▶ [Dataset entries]
----------------
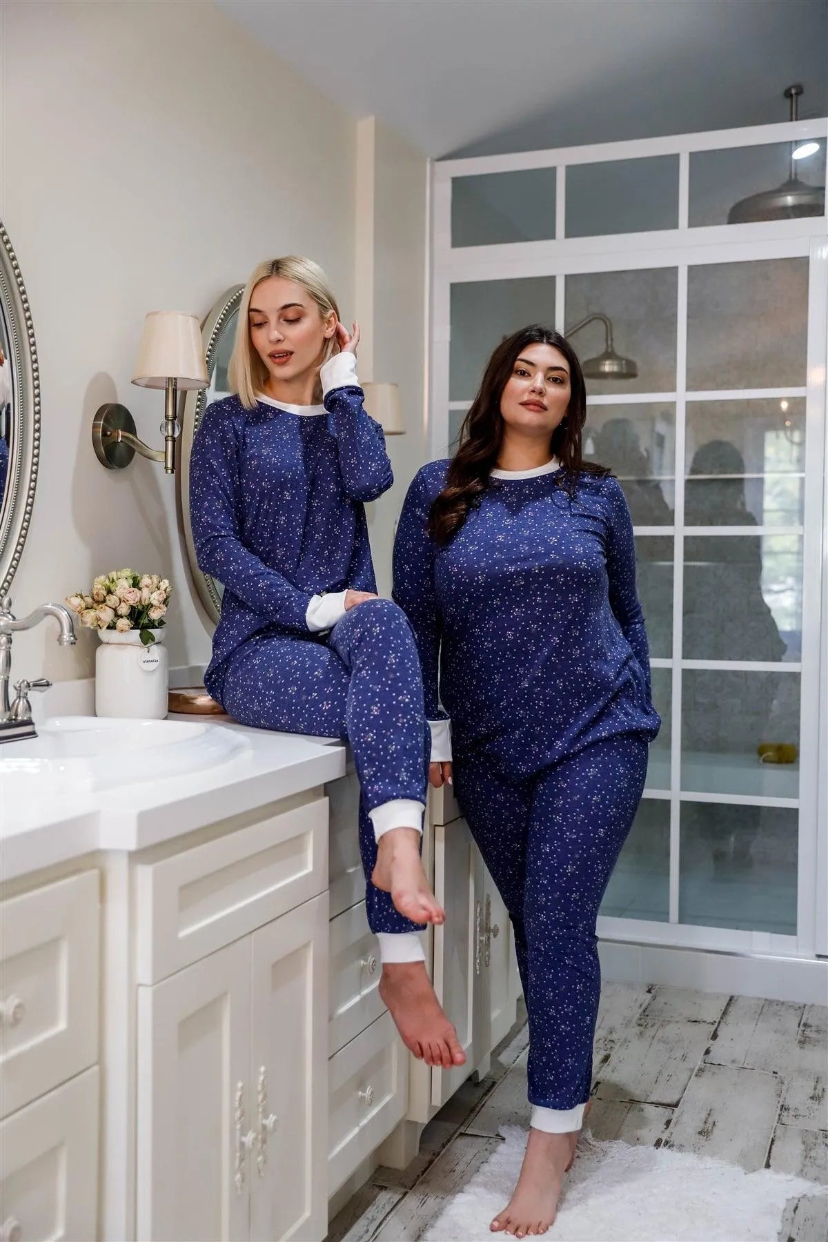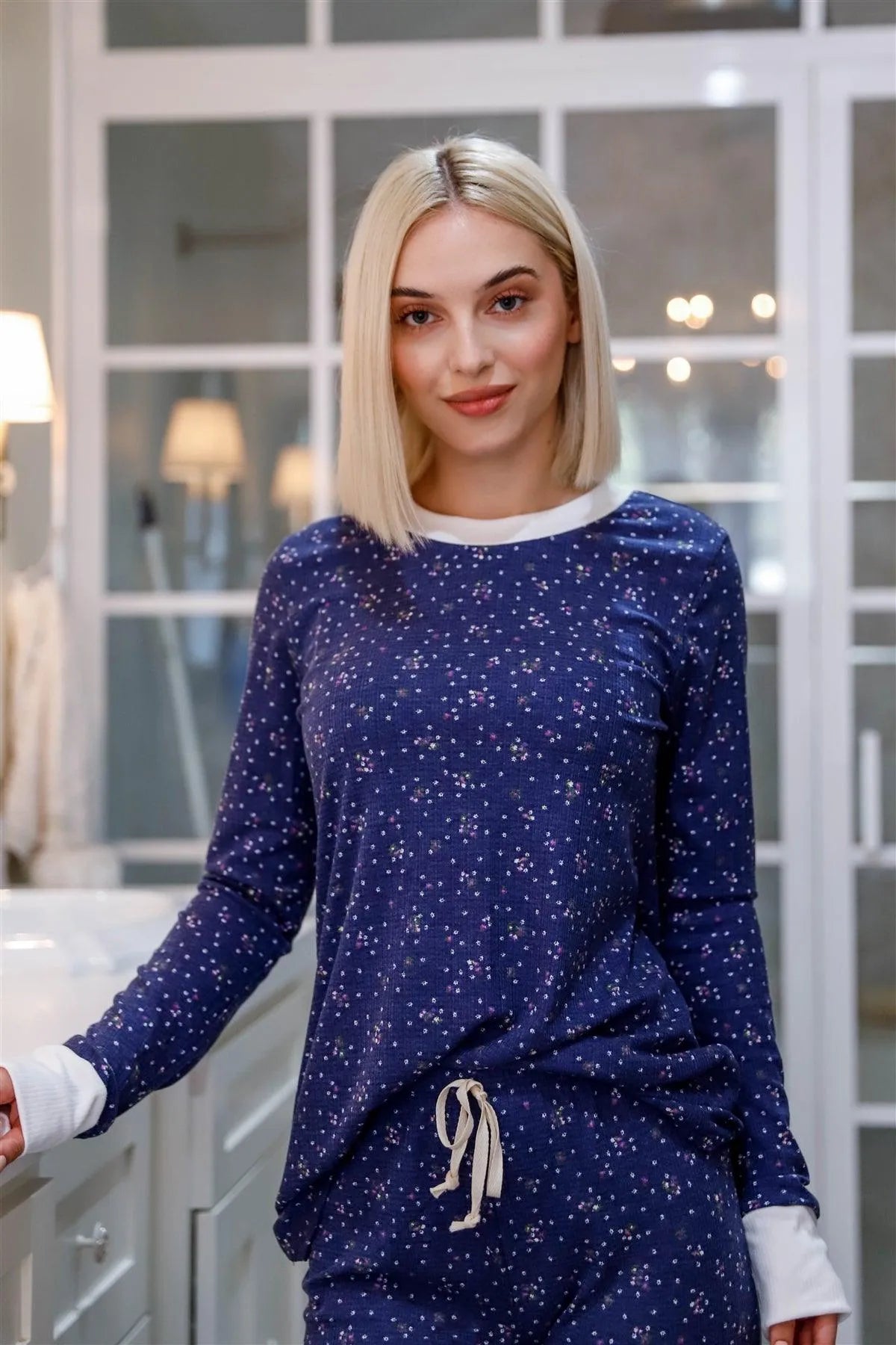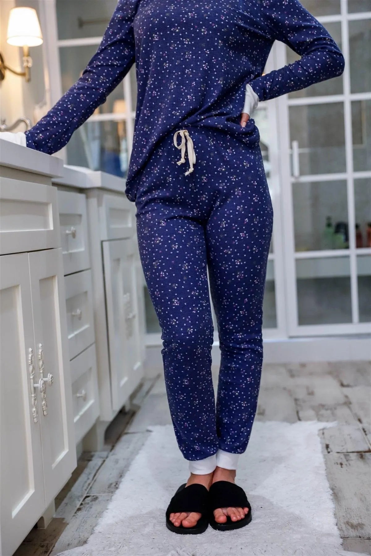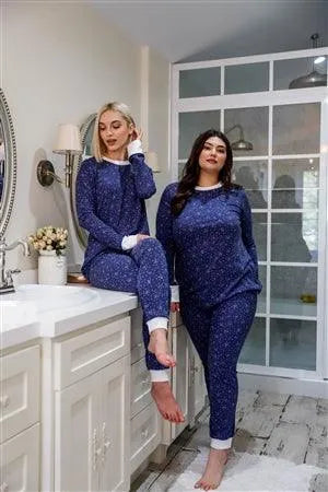 Navy Floral Print Long Sleeve Crewneck & Sweatpants Set
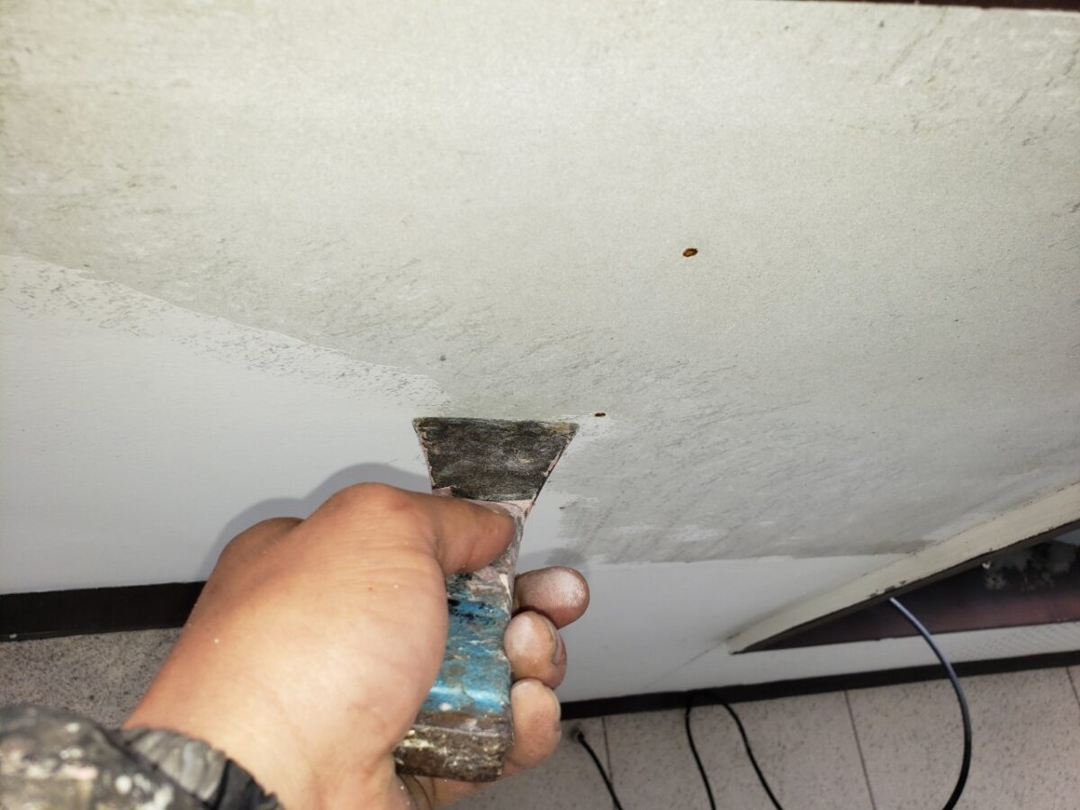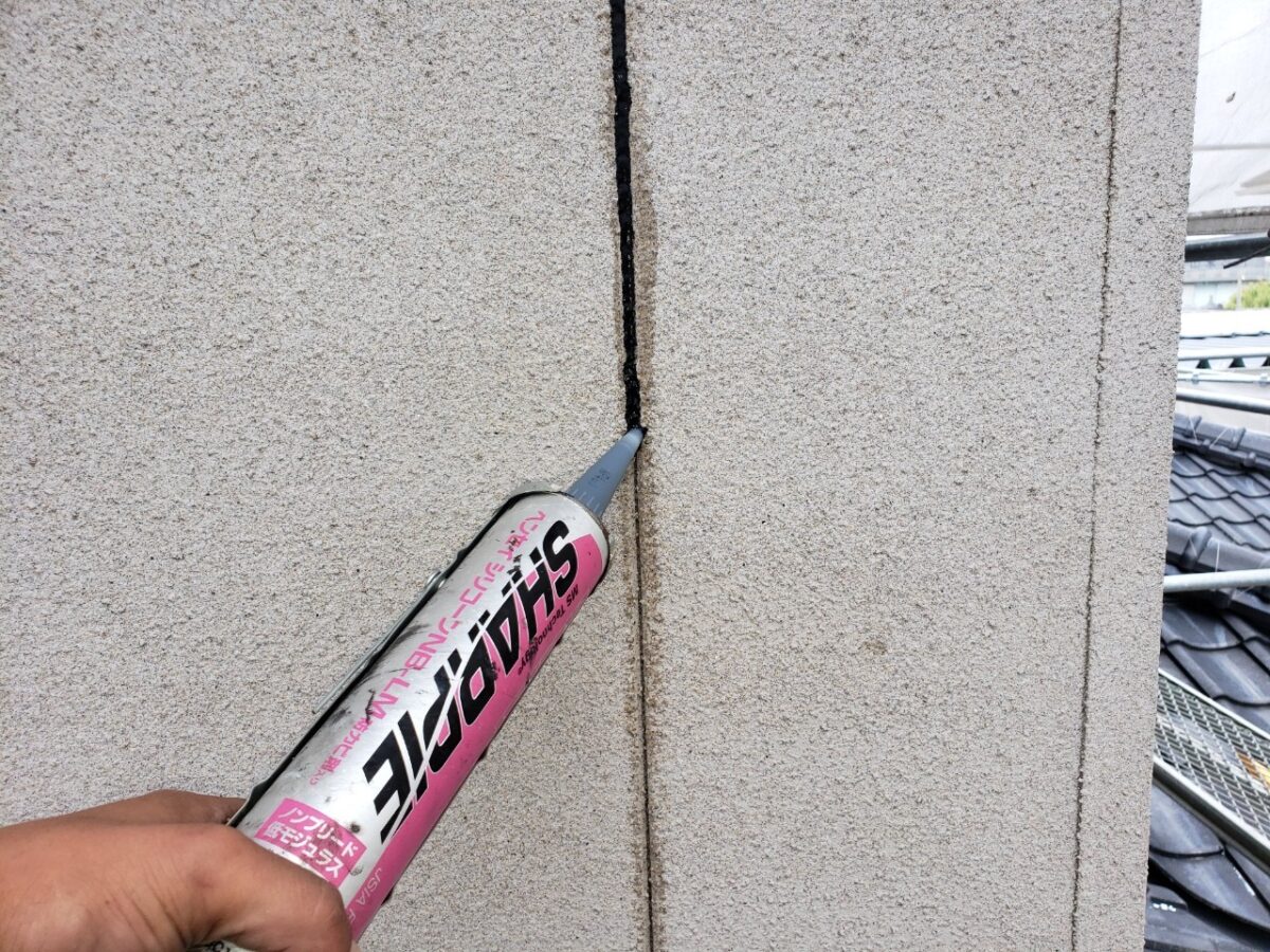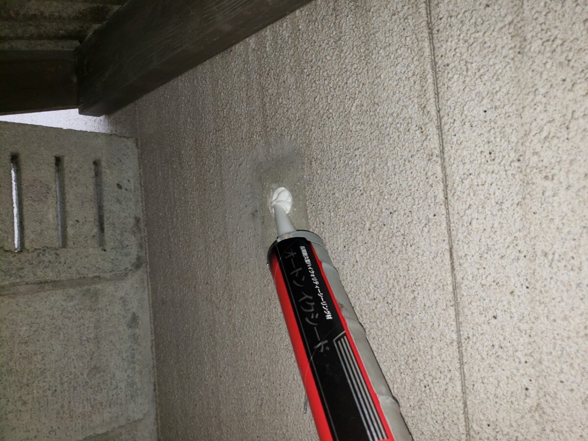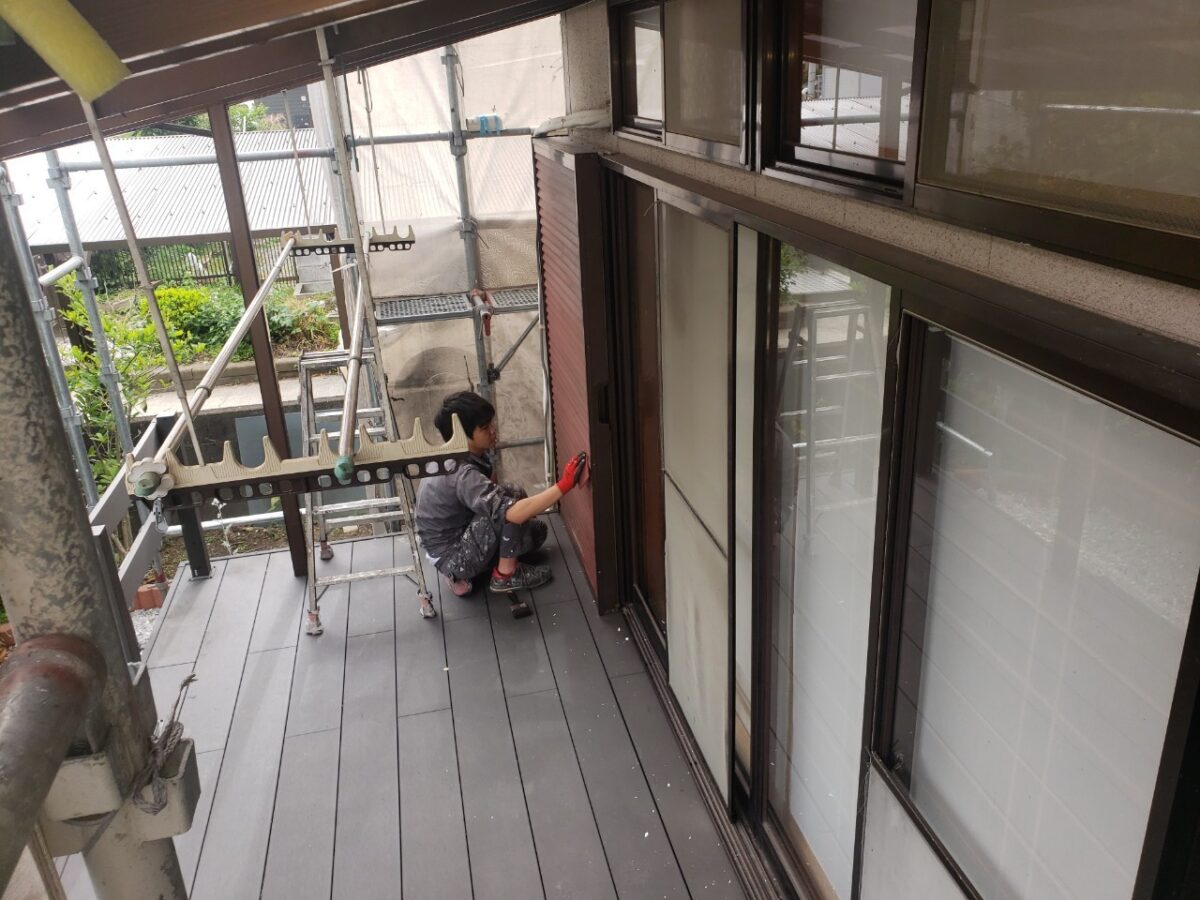 浮いた塗膜の除去や穴埋め、隙間埋めなどをやっていきます。
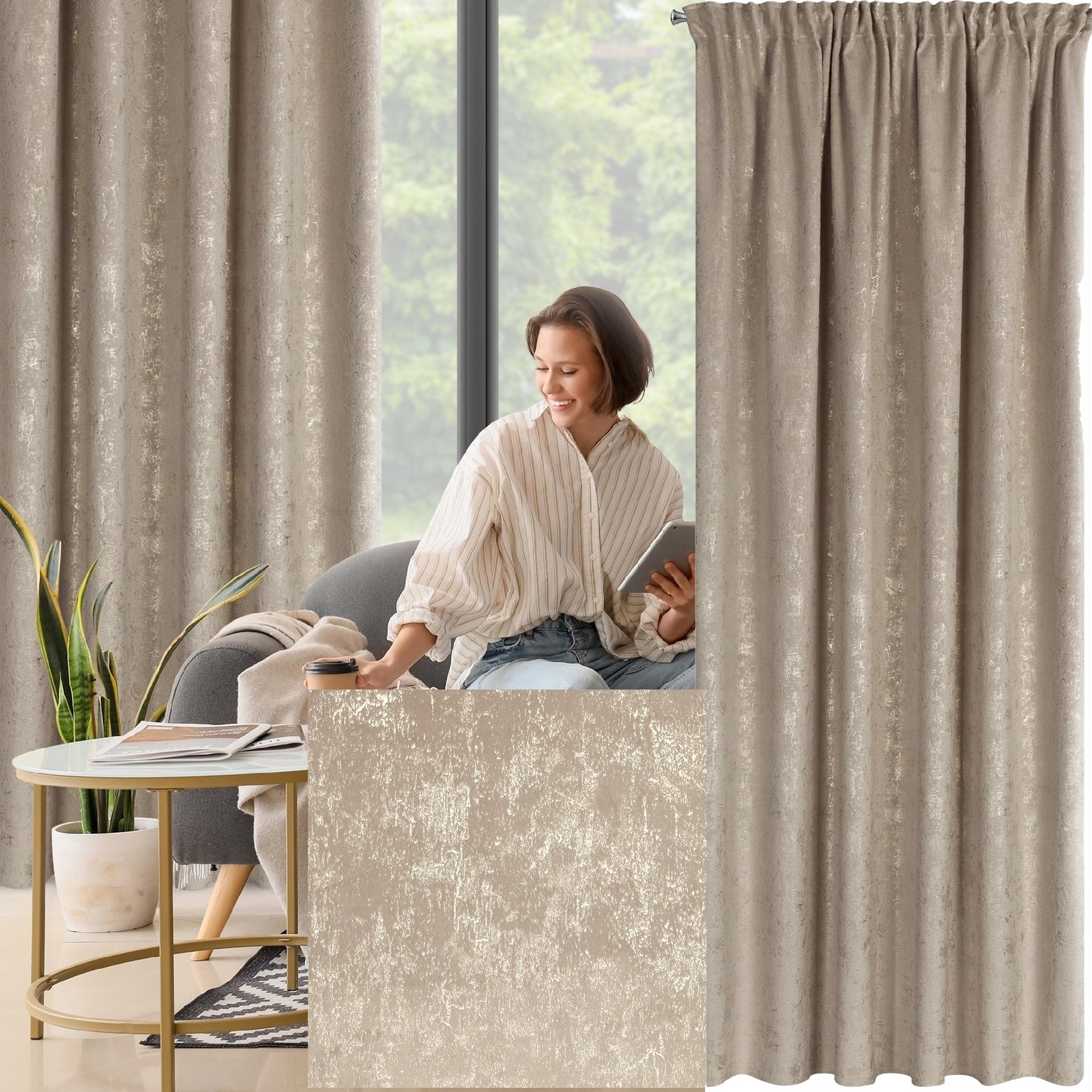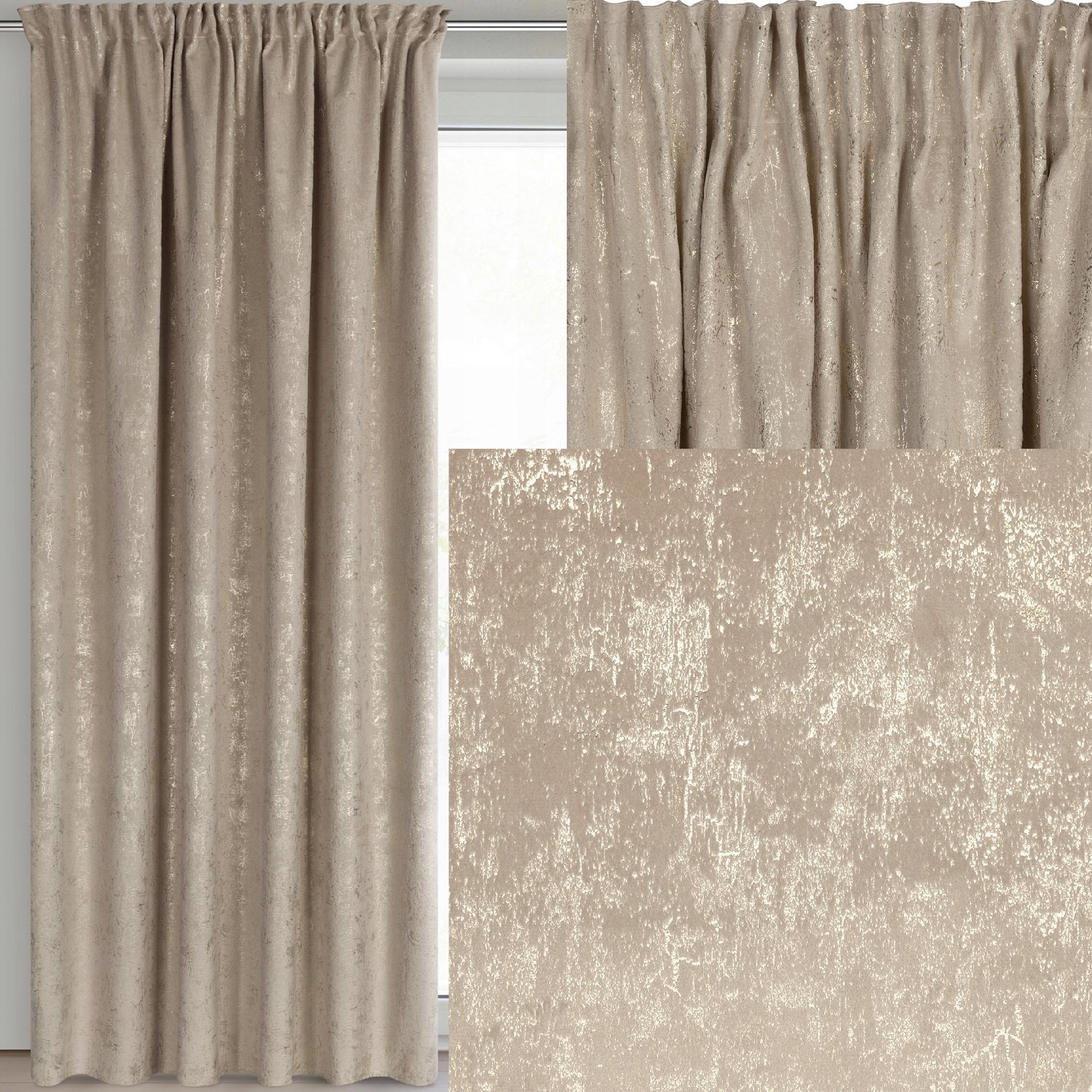 Zasłona 140X270 beżowa welwetowa z nadrukiem taśma
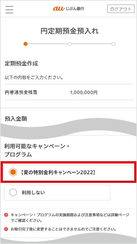 [満期日取扱い]の下の[利用可能なキャンペーン・プログラム]にて、【夏の特別金利キャンペーン2022】を選択
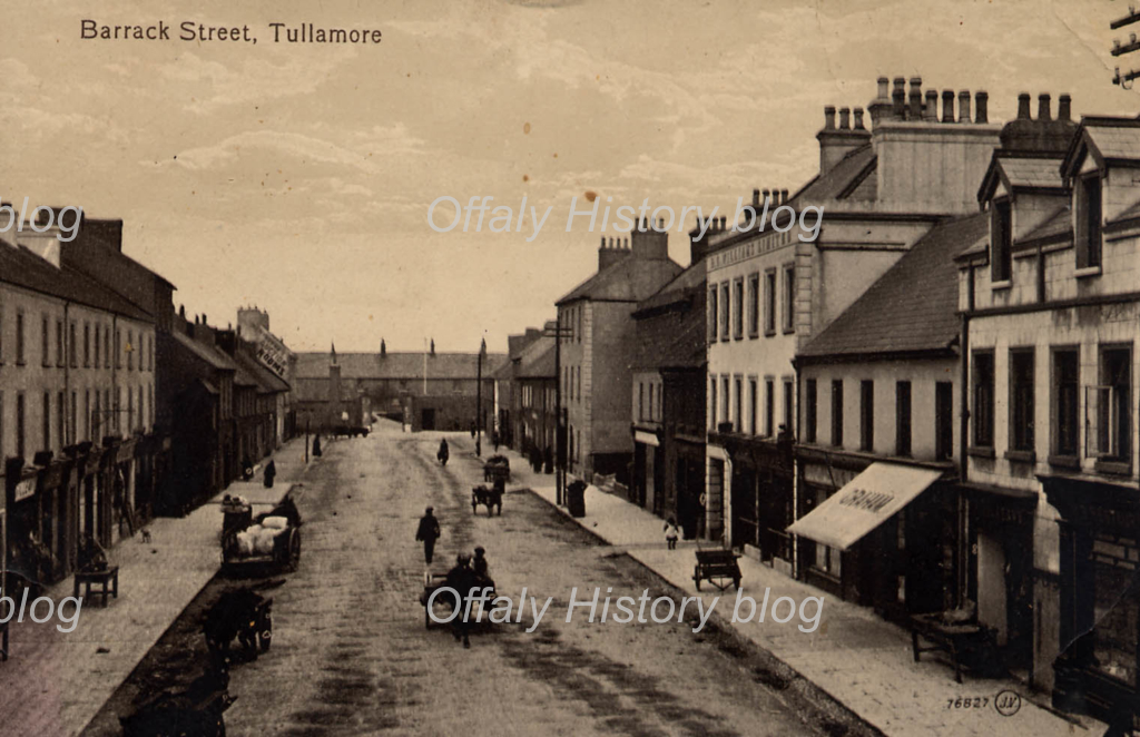 Barrack/Patrick Street, Tullamore about 1910. The barracks dated to 1716 and destroyed in 1922.
----------------
▶ [What is being asked] Please retype only the lines from the line that holds "[満期日取扱い]の下の[利用" through the end of the records, exactly as they stand, and drop every picture.

▶ [Reply]
 [満期日取扱い]の下の[利用可能なキャンペーン・プログラム]にて、【夏の特別金利キャンペーン2022】を選択
 Barrack/Patrick Street, Tullamore about 1910. The barracks dated to 1716 and destroyed in 1922.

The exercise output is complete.